• [Exercise] Each line of the material below is to be written out exactly. Leave out any picture.

• [Data extract]
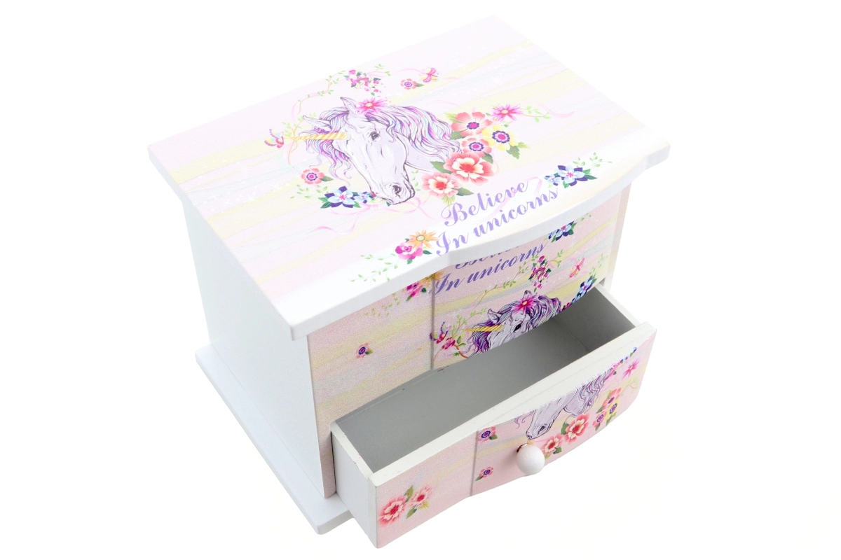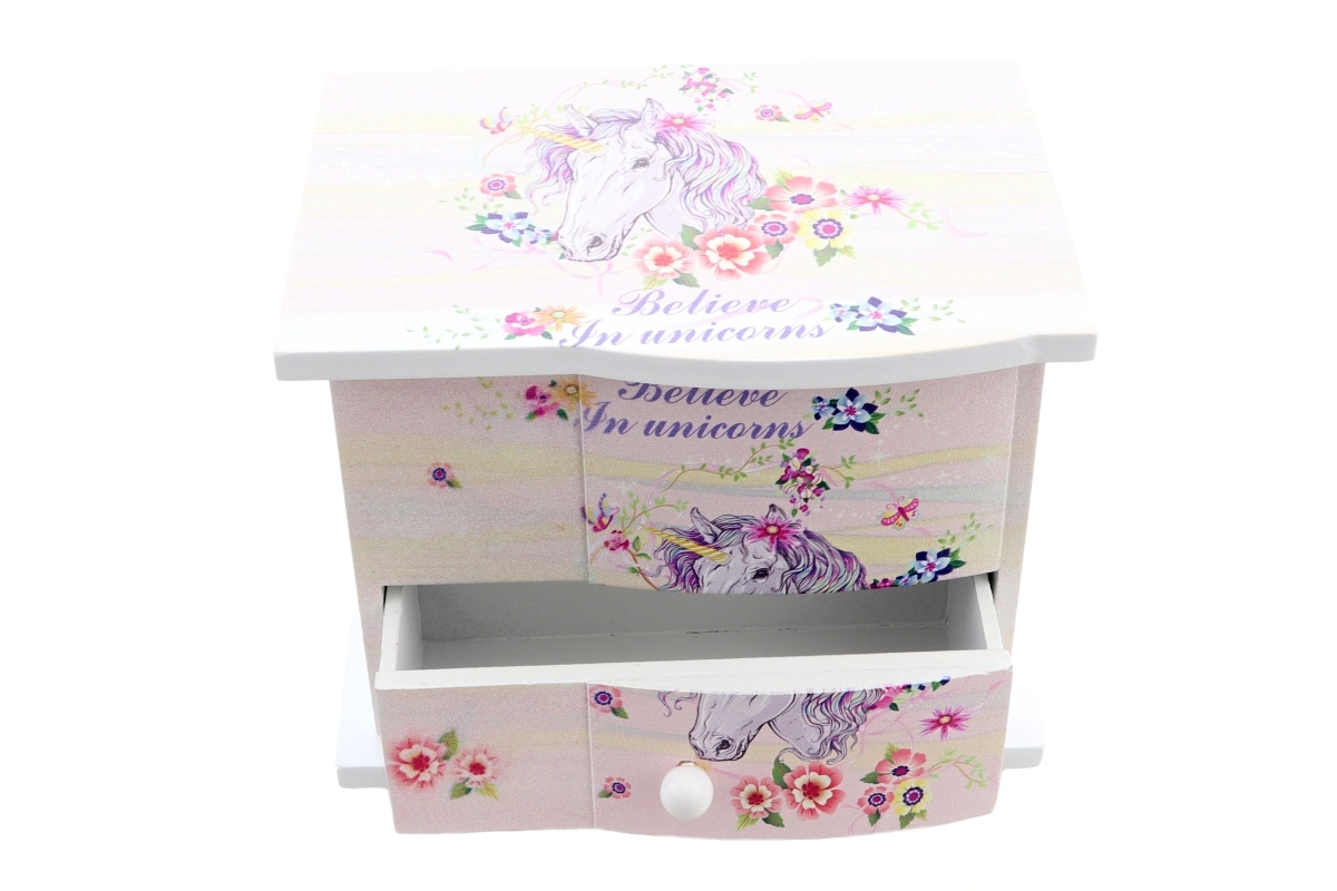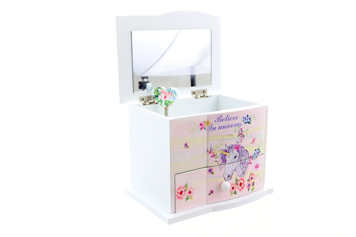 Această fermecătoare cutie de bijuterii din lemn, cu motiv de unicorn, protejează perfect comorile copiilor – inelele, brățările și micile secrete. La deschiderea capacului, se învârte inimioara și se aude o muzică delicată, care aduce zâmbetul de fiecare dată. Partea superioară ascunde o oglindă practică pentru probarea rapidă a bijuteriilor, iar jos veți găsi un sertar pentru alte mărunțișuri.
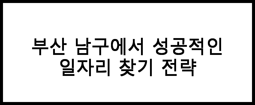 부산 남구에서 성공적으로 일자리를 찾기 위해 몇 가지 전략을 사용할 수 있습니다:
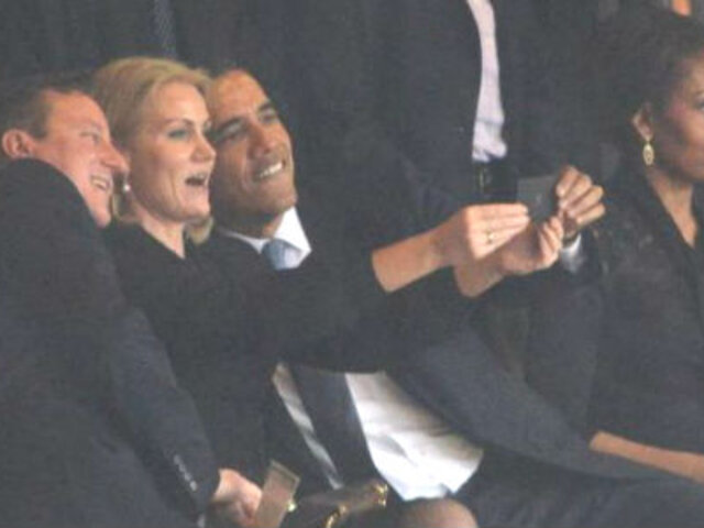 Una foto de Barack Obama con sus pares de Gran Bretaña y Dinamarca en el homenaje a Nelson Mandela fue blanco de críticas en las redes sociales.
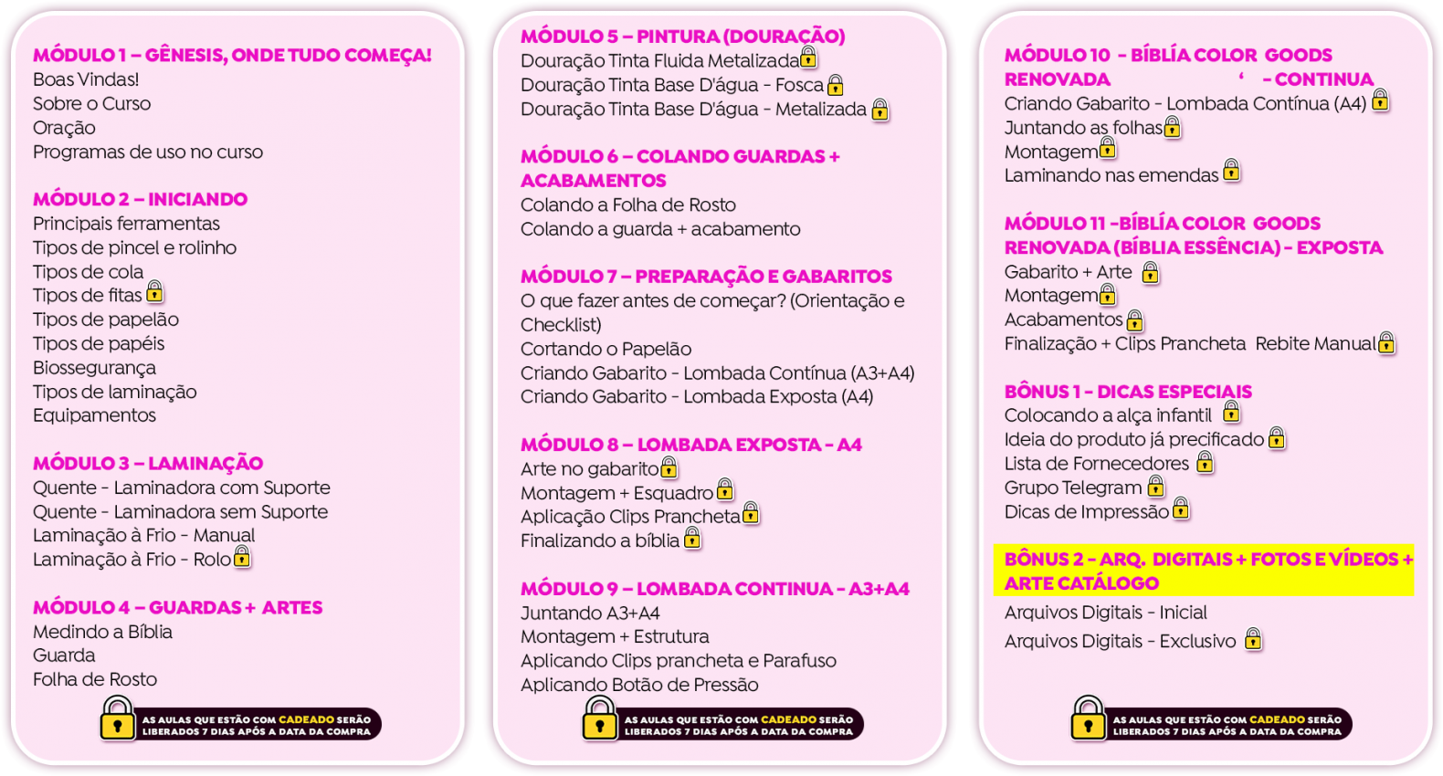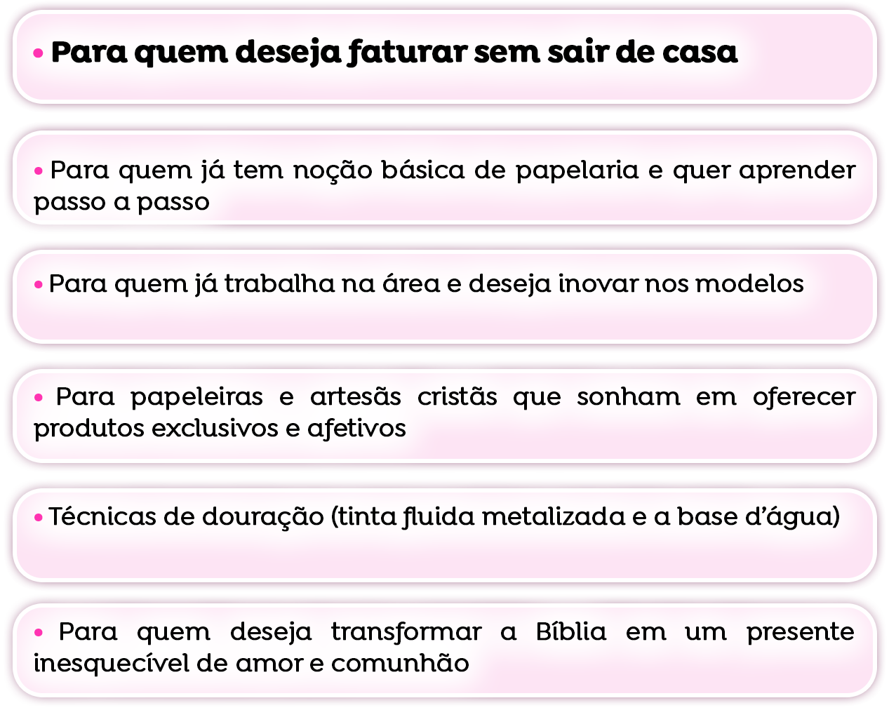 💡 A boa notícia é que 1 ano é mais que suficiente para você assistir todas as aulas, praticar as técnicas, produzir suas Bíblias e começar a faturar com o conhecimento adquirido.

• [Solved problem]
 Această fermecătoare cutie de bijuterii din lemn, cu motiv de unicorn, protejează perfect comorile copiilor – inelele, brățările și micile secrete. La deschiderea capacului, se învârte inimioara și se aude o muzică delicată, care aduce zâmbetul de fiecare dată. Partea superioară ascunde o oglindă practică pentru probarea rapidă a bijuteriilor, iar jos veți găsi un sertar pentru alte mărunțișuri.
 부산 남구에서 성공적으로 일자리를 찾기 위해 몇 가지 전략을 사용할 수 있습니다:
 Una foto de Barack Obama con sus pares de Gran Bretaña y Dinamarca en el homenaje a Nelson Mandela fue blanco de críticas en las redes sociales.
 💡 A boa notícia é que 1 ano é mais que suficiente para você assistir todas as aulas, praticar as técnicas, produzir suas Bíblias e começar a faturar com o conhecimento adquirido.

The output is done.